Haystack components for structured KV extraction from financial PDFs via Azure Document Intelligence
Project description
haystack-financial-doc-extractor
Copyright 2026 Ambreen Zaver, Callisto Tech. Licensed under Apache 2.0.
Haystack components for structured key-value extraction from financial documents — IRS Form 1040, W-2, Schedule C/E, K-1 (1065) — via Azure Document Intelligence.
Designed for use cases where extracted values must be compared deterministically against an authoritative reference system (e.g. a financial aid platform, tax reconciliation engine, or audit workflow). All parsing, normalization, and delta computation is done in Python with no LLM involvement.
Why this package
Standard Haystack document loaders treat a PDF as a blob of text. Financial forms
are structured: every field has a known label, a line reference, and a numeric
value that must round-trip to Decimal without loss.
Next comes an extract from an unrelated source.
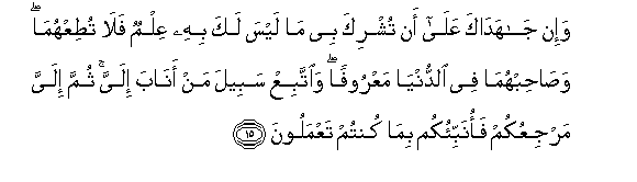 15. Wa-in jahadaka AAala an tushrika bee ma laysa laka bihi AAilmun fala tutiAAhuma wasahibhuma fee alddunya maAAroofan waittabiAA sabeela man anaba ilayya thumma ilayya marjiAAukum faonabbi-okum bima kuntum taAAmaloona

This package handles:
- 4-stage Azure DI recovery chain — full doc → page splitter → DPI reduction → rotation block
- Financial string normalization —
$75,000,(12,500),75000 USD,N/A,12.5% - Non-negative field protection — W-2 box values printed in parens are positive, not negative
- Delta + severity scoring — HIGH / MEDIUM / LOW against a reference value dict
- MD5-based cache invalidation — skip Azure DI if the document hasn't changed
- FERPA-safe by design — no PII in logs, opaque document IDs, no student data persisted in plaintext
Install
pip install haystack-financial-doc-extractor
Requires Python 3.10+.
Components
| Component | Input | Output |
|---|---|---|
BytesIngestionComponent |
bytes_list, document_ids, source_names |
list[DocumentPayload] |
DocumentIngestionComponent |
document_ids (stub — implement for your DMS) |
list[DocumentPayload] |
AzureDiExtractor |
list[DocumentPayload] |
list[dict] with kv_entries |
KvNormalizer |
list[dict] from extractor |
list[ExtractedField] |
DeltaCalculator |
list[ExtractedField] + reference_values |
list[ExtractedField] with delta + severity |
Quick start
from haystack_financial_doc_extractor import build_pipeline
pipeline = build_pipeline(
azure_endpoint="https://<resource>.cognitiveservices.azure.com/",
azure_api_key="...",
field_map={"adjusted gross income": "agi", "wages salaries tips": "wages"},
section="HHA_INCOME",
source_doc_type="IRS Form 1040",
)
with open("samples/f1040_filled.pdf", "rb") as f:
pdf_bytes = f.read()
result = pipeline.run({
"ingest": {
"bytes_list": [pdf_bytes],
"document_ids": ["doc-001"],
"source_names": ["f1040_filled.pdf"],
},
"delta": {
"reference_values": {"agi": 75000, "wages": 68000},
},
})
for field in result["delta"]["fields"]:
print(f"{field.field_name:<30} extracted={field.extracted_value} delta={field.delta} severity={field.severity}")
Sample usage by form type
All examples below use the synthetic sample forms in samples/ — all names,
SSNs, EINs, and dollar amounts are entirely fictional (see FERPA compliance).
Form 1040
from haystack_financial_doc_extractor import build_pipeline
FIELD_MAP_1040 = {
"adjusted gross income": "agi",
"wages salaries tips": "wages",
"total income": "total_income",
"taxable interest": "taxable_interest",
"ordinary dividends": "dividends",
"capital gain or loss": "capital_gain",
"total tax": "total_tax",
"federal income tax withheld": "tax_withheld",
}
# Reference values from your authoritative system (e.g. PowerFAIDS, FAFSA)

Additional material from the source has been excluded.